After locating the line that contains "Guitar Company Ladies", transcribe exactly that line and each one after it until the data ends, skipping pictures.

Supplied material:
──────────
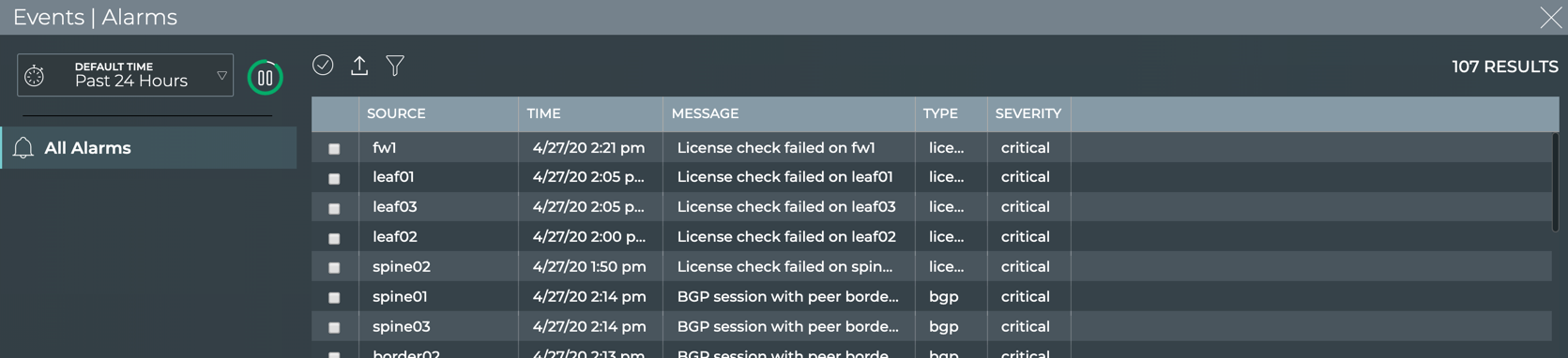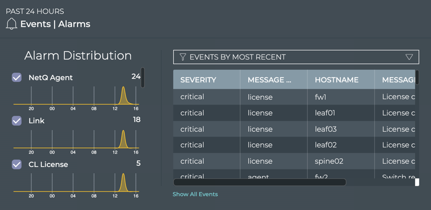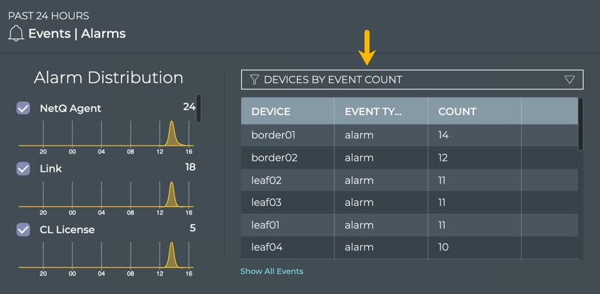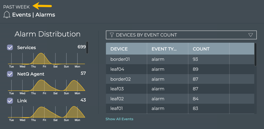 You can view all events in the network either by clicking the Show All Events link under the table on the large Alarm Events card, or by opening the full screen Alarm Events card.
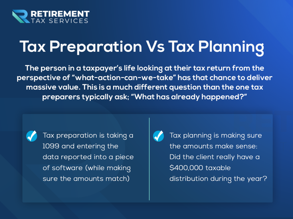 A tax preparer is not inherently a tax planner—and everyone should have a tax planner working on their team.
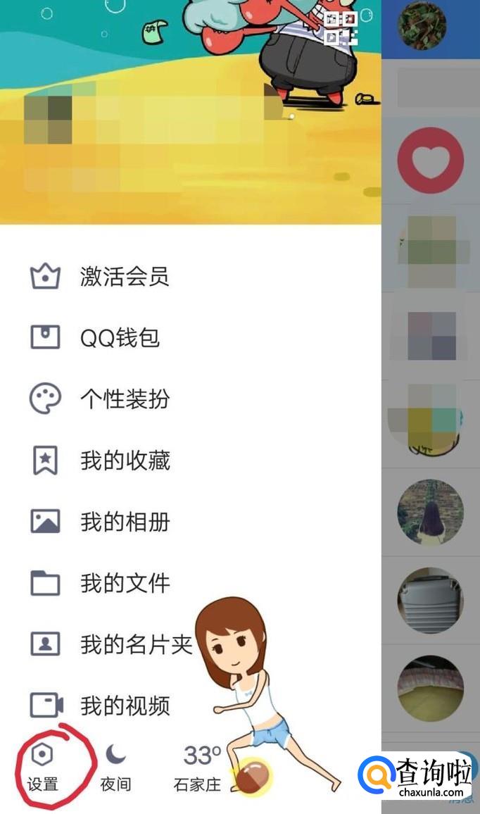 打开手机QQ,向右滑动,点击左下角的设置,如下图所示。
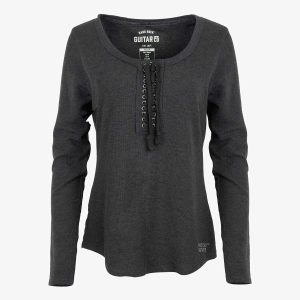 Guitar Company Ladies Fit Flames Guitar Tee in Grey Unleash your inner goddess in this vintage style tee. Featuring an engineer panel print of an exotic star flame guitar at front, treated with an optic wash for a true, worn-in look, a rib neck trim, and a soft velvet neck trim collar. Pair with your favorite…
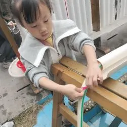 在搭建中遇水管易滑脱问题,幼儿完全自主解决——先用扭扭棒缠绕加固,发现松动后,又自主取白色圆管套住,双重防护成功攻克难题。
──────────
Your response:
 Guitar Company Ladies Fit Flames Guitar Tee in Grey Unleash your inner goddess in this vintage style tee. Featuring an engineer panel print of an exotic star flame guitar at front, treated with an optic wash for a true, worn-in look, a rib neck trim, and a soft velvet neck trim collar. Pair with your favorite…
 在搭建中遇水管易滑脱问题,幼儿完全自主解决——先用扭扭棒缠绕加固,发现松动后,又自主取白色圆管套住,双重防护成功攻克难题。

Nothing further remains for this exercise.